Stored data>
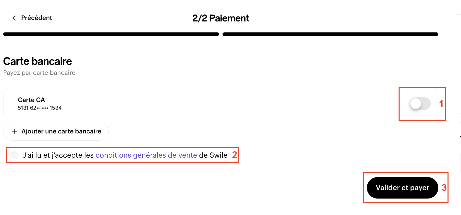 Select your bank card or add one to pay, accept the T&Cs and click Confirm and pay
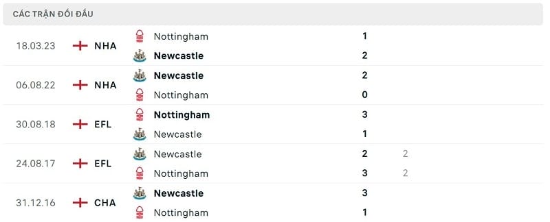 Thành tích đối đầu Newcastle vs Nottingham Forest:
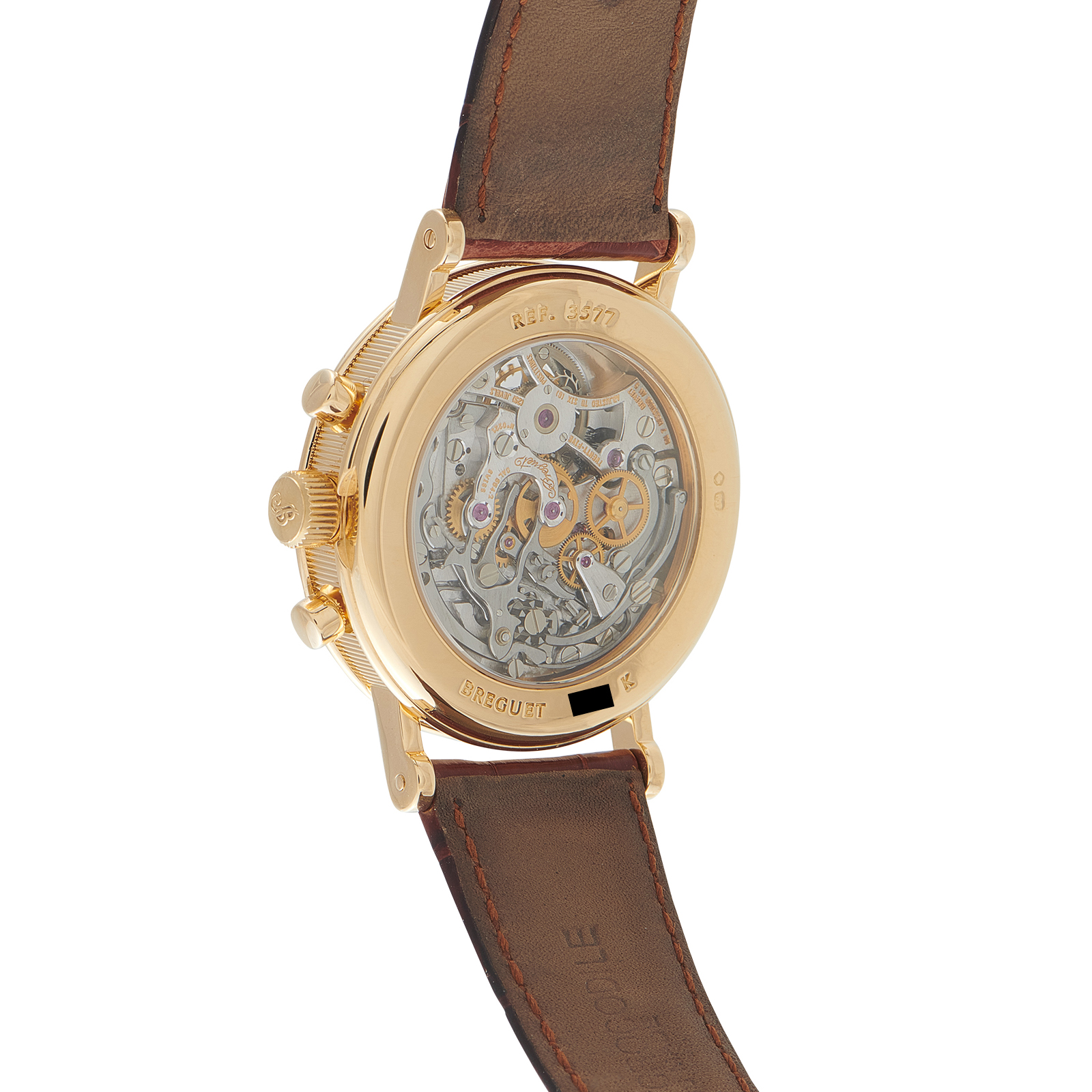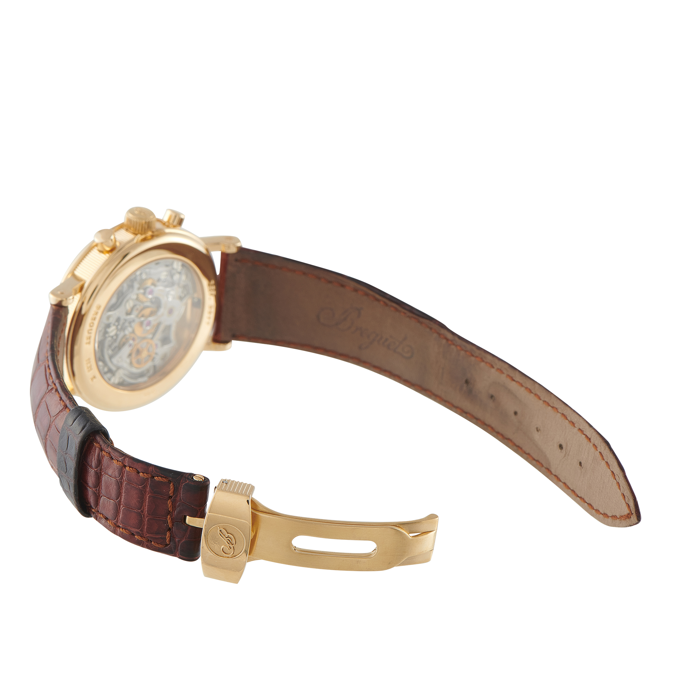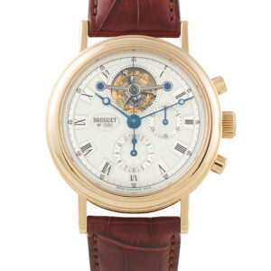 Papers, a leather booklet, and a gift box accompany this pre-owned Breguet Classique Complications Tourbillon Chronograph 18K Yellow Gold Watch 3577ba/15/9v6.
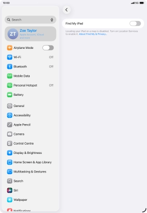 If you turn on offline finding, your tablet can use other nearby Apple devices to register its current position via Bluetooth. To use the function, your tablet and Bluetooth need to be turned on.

What you should do> Pictures stay out; print everything else in the data exactly.

Task solution>
 Select your bank card or add one to pay, accept the T&Cs and click Confirm and pay
 Thành tích đối đầu Newcastle vs Nottingham Forest:
 Papers, a leather booklet, and a gift box accompany this pre-owned Breguet Classique Complications Tourbillon Chronograph 18K Yellow Gold Watch 3577ba/15/9v6.
 If you turn on offline finding, your tablet can use other nearby Apple devices to register its current position via Bluetooth. To use the function, your tablet and Bluetooth need to be turned on.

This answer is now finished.